*Task item*
Working from the start of the listing, please write out exactly the lines through the one that holds "Параллельно идут ожесточённые", both included, and omit all pictures.

*Provided records*

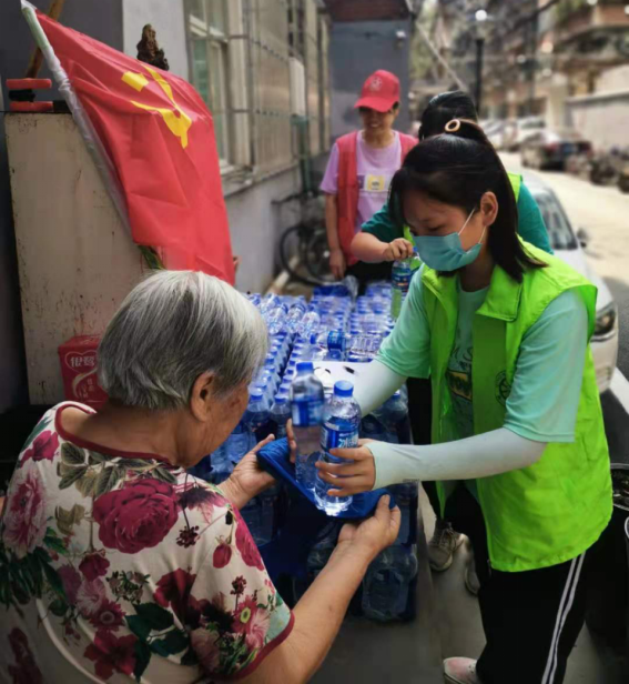 暴雨过后,郑州市大部分小区面临断电断水的困境。李慧颖同学自愿加入了郑州市金水区志愿者队伍,为防疫路附近的小区居民发放饮用水,用自身实际行动为抗洪救灾做出贡献。
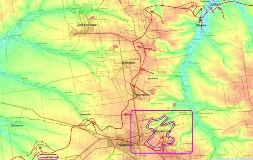 Параллельно идут ожесточённые бои за Новоподгороднее и Гришино. В последнем российские десантники освободили южную часть села и ведут бои в центре, что угрожает последним маршрутам снабжения ВСУ в Мирнограде.
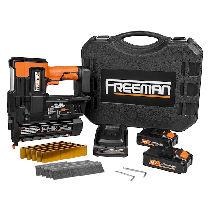 The dual functionality and range of features in the freeman PE2118G 18-Volt 2-in-1 nailer and stapler make it the ideal tool to tackle home improvement jobs including molding and trim, cabinetry, paneling, upholstery, insulation, plastic sheeting, crafts and other finish work. The cordless electric design provides consistent and reliable performance due to the powerful 18-Volt lithium ion battery, eliminating the need to drag around a loud and heavy compressor or worry about tripping over a long air hose. Charging in only 45 minutes, the battery fires up to 400 shots per charge and 30 fasteners per minute. This versatile nail gun and stapler combo tool features a 2-in-1 bottom loading magazine compatible with 18 gauge brad nails from 3/4 in. to 2 in., and 18 gauge 1/4 in. narrow crown staples from 3/4 in. to 1-5/8 in. select the single firing mode to ensure precise fastener placement or switch to the bump fire contact mode for faster firing speeds. Use the tool-free depth adjustment wheel to customize the firing depth, making it easy to achieve professional results. The no-mar tip protects your work surface, while the work contact element and two-stage trigger protect the user from accidental firing. The 18-Volt 2-in-1 nailer and stapler kit comes with everything you need to get started, including two 18V lithium-ion batteries, a quick charger, 500 brad nails, 500 staples, two hex keys, and a blow molded storage case, and is covered by freeman’s 1 year limited warranty.
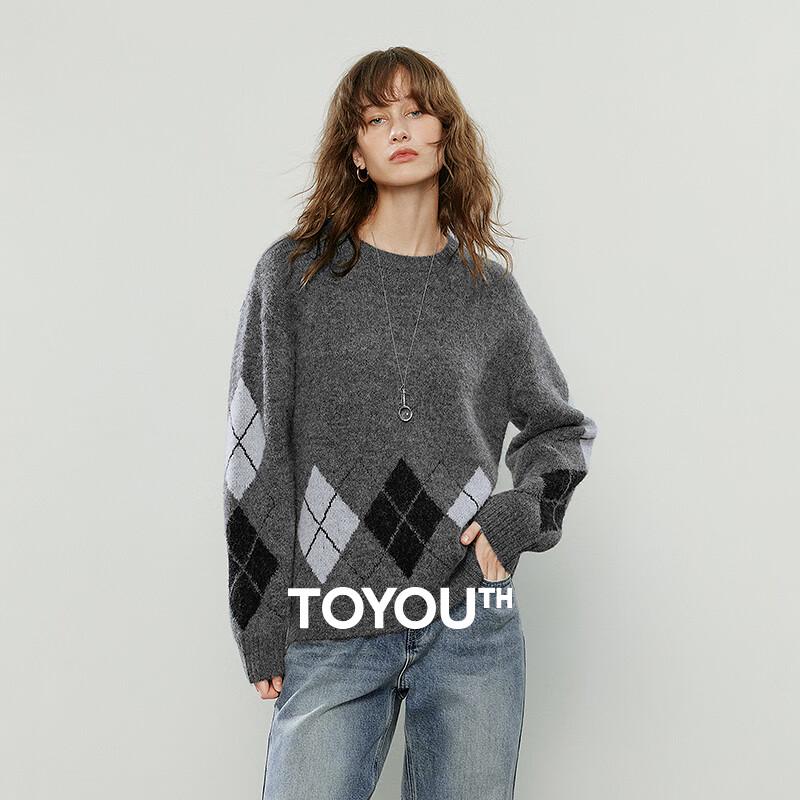 Chuyu Women's Diamond Pattern Round Neck Sweater — купить товар онлайн с бесплатной доставкой до всему миру!
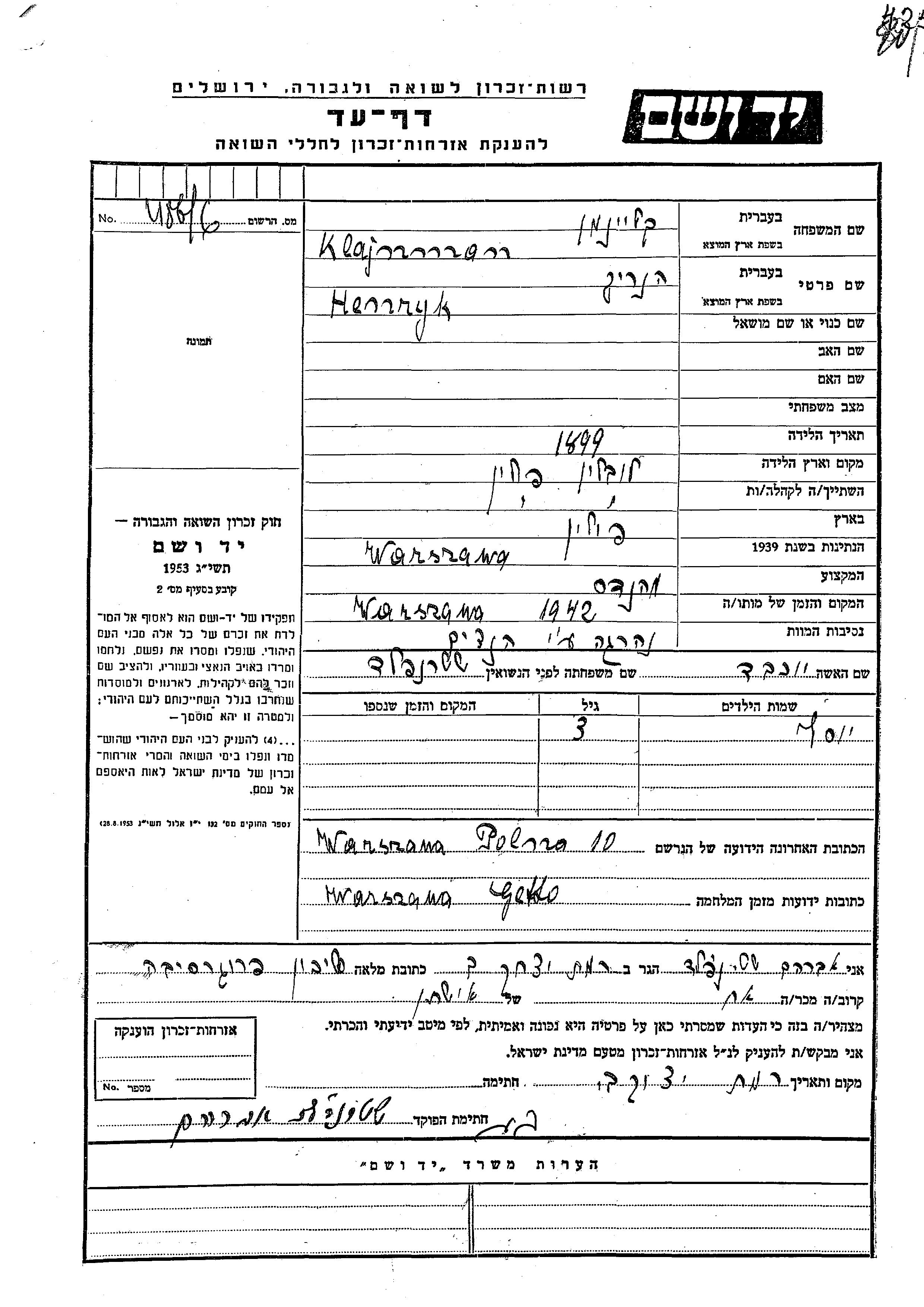 Klajnman Henryk 1899 Poland Page of Testimony
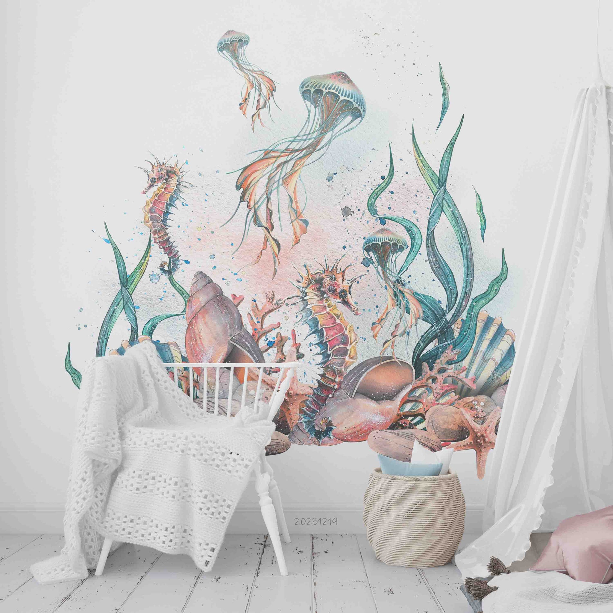 3D Animal Starfish Sea Horse Octopus Stone Wall Mural Wallpaper YXL 37
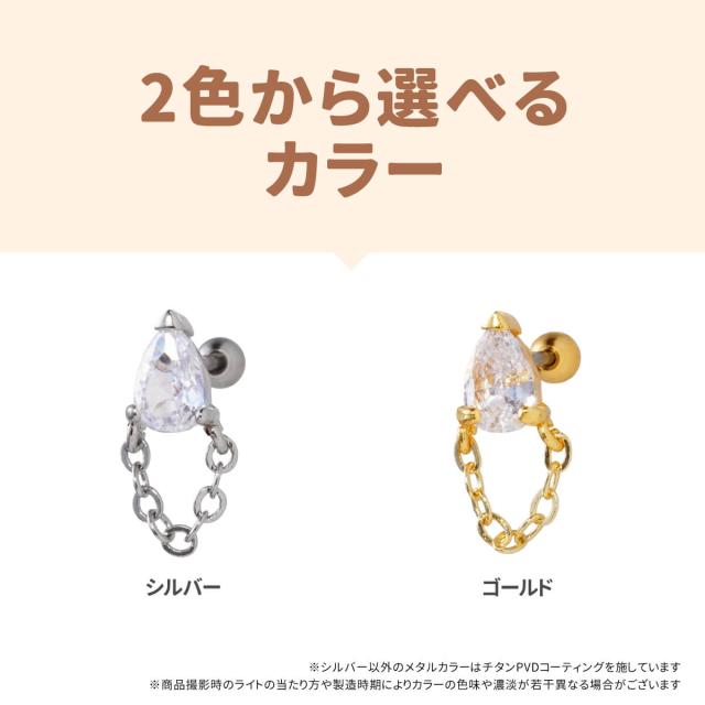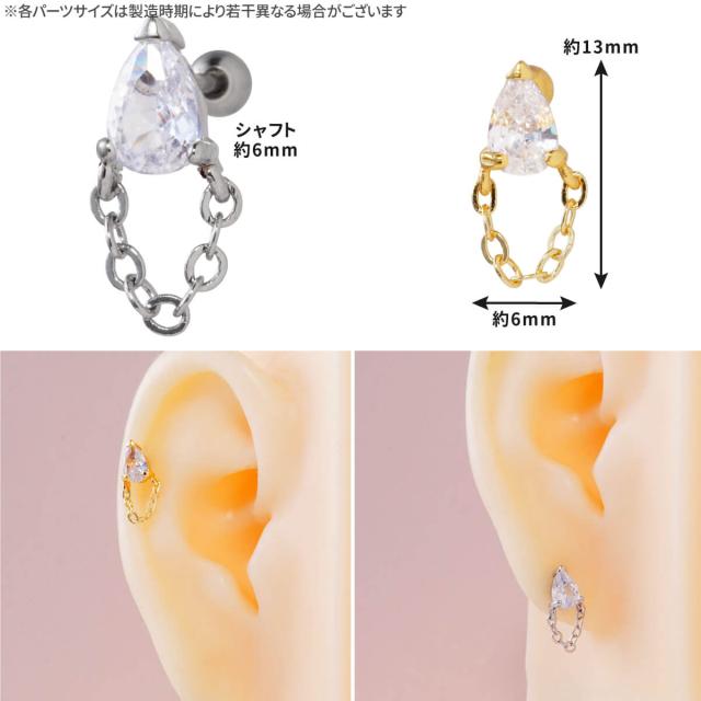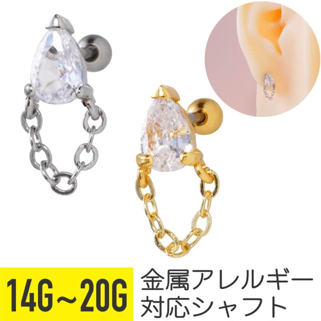 ティアドロップ チェーン ストレートバーベル 14G 16G 18G 20G サージカルステンレス ジルコニア ヘリックス 軟骨ピアス ボディピアス

*The answer*
 暴雨过后,郑州市大部分小区面临断电断水的困境。李慧颖同学自愿加入了郑州市金水区志愿者队伍,为防疫路附近的小区居民发放饮用水,用自身实际行动为抗洪救灾做出贡献。
 Параллельно идут ожесточённые бои за Новоподгороднее и Гришино. В последнем российские десантники освободили южную часть села и ведут бои в центре, что угрожает последним маршрутам снабжения ВСУ в Мирнограде.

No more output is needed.